It would have been nice if we had gone into this debt free but we didn’t. Jessie had a nice windfall, after waiting nearly 18 years, when the VA and Social Security finally agreed to grant her benefits for disabilities sustained while in the service in 1995. Craig, chose to leave his profession to take care of her, our children, and the new farm soon after purchasing the property from the previous owners.
While quite a bit of our debt was paid off, a great deal of those funds went toward paying for the property. We were lucky to have the luxury of having those funds. Many are not so lucky. Even then, it has required a lot of scrimping, saving, bartering, re-purposing, and making-do to make it work.
Our best advice to those who aren’t capable of funding their dream homestead right out the door, is to work toward paying off your debts first while learning everything you can about your intended plans.
If you simply can’t wait here are some options:
- Rent on the outskirts of town where you can keep poultry or maybe even a few livestock animals.
- Lease to own your property.
- Farm or garden on another person’s property. Family, friends, or neighbors might not have the time or energy for a garden but would love the produce that it provides.
- Join a community garden club or co-op.
- Become a property caretaker and live on the land in an area you would want to one day live in, with the caveat that you can raise animals and plant a garden while living there.

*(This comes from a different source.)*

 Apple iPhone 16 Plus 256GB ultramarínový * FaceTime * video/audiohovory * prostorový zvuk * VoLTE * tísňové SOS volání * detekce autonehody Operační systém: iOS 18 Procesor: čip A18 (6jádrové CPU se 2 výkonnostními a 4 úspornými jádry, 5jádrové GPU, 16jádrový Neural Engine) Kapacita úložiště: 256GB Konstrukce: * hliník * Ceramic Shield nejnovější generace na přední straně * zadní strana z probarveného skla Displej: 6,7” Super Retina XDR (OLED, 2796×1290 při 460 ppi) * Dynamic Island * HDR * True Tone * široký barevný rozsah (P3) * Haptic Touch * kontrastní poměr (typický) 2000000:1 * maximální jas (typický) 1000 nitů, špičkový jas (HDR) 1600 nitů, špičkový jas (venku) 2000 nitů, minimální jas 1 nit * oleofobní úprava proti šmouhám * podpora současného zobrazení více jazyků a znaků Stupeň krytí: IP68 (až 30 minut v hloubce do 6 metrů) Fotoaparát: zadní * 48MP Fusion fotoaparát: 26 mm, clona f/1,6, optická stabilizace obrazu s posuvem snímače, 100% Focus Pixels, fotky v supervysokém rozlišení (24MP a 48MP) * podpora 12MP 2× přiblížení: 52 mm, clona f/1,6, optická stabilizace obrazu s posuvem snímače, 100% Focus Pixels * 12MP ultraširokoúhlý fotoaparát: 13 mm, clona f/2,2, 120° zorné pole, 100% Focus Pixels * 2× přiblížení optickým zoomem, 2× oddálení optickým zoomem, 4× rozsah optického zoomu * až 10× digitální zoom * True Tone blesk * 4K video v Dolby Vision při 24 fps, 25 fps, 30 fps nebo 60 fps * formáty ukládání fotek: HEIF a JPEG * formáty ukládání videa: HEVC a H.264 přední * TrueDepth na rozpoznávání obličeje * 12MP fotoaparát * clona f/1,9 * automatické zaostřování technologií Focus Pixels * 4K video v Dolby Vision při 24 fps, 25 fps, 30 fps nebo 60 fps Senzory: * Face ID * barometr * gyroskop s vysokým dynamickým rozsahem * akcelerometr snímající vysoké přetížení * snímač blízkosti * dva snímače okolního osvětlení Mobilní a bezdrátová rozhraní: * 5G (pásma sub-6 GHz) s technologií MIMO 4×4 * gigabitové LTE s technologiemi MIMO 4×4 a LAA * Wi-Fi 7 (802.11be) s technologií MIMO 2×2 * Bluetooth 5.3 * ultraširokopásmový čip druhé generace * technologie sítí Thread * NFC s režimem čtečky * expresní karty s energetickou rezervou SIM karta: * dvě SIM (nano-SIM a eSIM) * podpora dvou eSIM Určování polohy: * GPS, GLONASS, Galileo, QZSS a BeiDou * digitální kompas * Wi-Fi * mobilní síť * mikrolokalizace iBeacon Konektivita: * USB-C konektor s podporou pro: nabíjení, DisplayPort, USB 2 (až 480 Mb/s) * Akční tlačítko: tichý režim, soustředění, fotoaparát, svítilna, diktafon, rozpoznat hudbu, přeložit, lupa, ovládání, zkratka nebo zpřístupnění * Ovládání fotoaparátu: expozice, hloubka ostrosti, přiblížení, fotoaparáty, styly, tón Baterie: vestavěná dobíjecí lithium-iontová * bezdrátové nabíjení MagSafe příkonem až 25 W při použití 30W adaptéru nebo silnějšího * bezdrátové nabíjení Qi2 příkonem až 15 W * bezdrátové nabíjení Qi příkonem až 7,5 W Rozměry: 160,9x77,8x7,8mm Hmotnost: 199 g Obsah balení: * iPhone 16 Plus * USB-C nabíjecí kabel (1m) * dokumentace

If none of these options are available, you can certainly begin to learn everything you will one day need to know through books, online research, classes, and workshops. Read blogs, watch youtube videos, ask questions, make friends, and begin to formulate a plan for how to reach your goal.
It takes time to learn what you need to know. You won’t be able to just jump into homesteading and grow a garden from seed, raise chicks from eggs, and birth baby goats without knowing what you are getting into. While you pay off your debts and develop your plan, you can be learning these skills and preparing yourself for your dream.
Decide what is most important to you, raising a garden, having eggs, drinking fresh milk, or raising meat? Start learning about that first. Plenty of mistakes were made by our family when we first began simply because we couldn’t decide on a breed of goat or chicken and we took on too many varieties of plants at once before knowing what we were getting into. This results in unnecessary costs, loss, and a feeling of failure. This can cause many new homesteaders to go running back to the city in less than a year.
Don’t give up! Learn, learn, learn, then learn some more.
If you have debt, develop a plan to get out of debt and stay out of debt. See a debt counselor to help you create a plan and stick to it. Reduce your bills now and you will see real benefits later.
When you are ready to make the leap look at leasing to own property, letting the owner carry the loan, taking over financing for someone who can no longer pay their loan, purchasing repo properties, buying property at tax auctions, and other creative property purchases. If you own an RV, look for property that once had a mobile home but no longer does, and apply for a building permit so you can live in it while building a home. If you can afford a traditional loan or buying the property outright, do that. Whatever works for your family.
Look for properties with infrastructure for animals and mature fruit trees already if possible. Barns, fencing, and orchards are among the most expensive things to add to an existing property.
Keep your eye out on farm auctions, estate sales, and barn sales to purchase used goods and tools for your homestead, don’t forget about the barter system. Making friends BEFORE you make your property move will make this process easier.
Once you have found the land of your dreams or the property you can work with for right now, consider getting hens from local breeders, raising chicks, or adopting from local animal rescues. We adopted 18 battery farm leghorns for $5 each and purchased 5 red laying hens at a poultry auction for less than $15. All of our roosters were donated to us by neighbors and city folk that couldn’t keep them. Our donkeys were adopted for $150 for three of them and several of our goats were free or less than $60 each.
We sourced pallets, 55 gallon barrels, fencing materials, wood, and much more also for free on local media sites and bartered for many other items. While several of our vegetable varieties are from seeds that we saved from foods we purchased at our local farmers market in the year previous to our move. We even grew an avocado tree in our backyard and transplanted it when we moved (it is now 8 years old).
Remember through your planning and preparing process, that good things can take time. Plant the right seeds, work on it consistently, and your dreams can grow.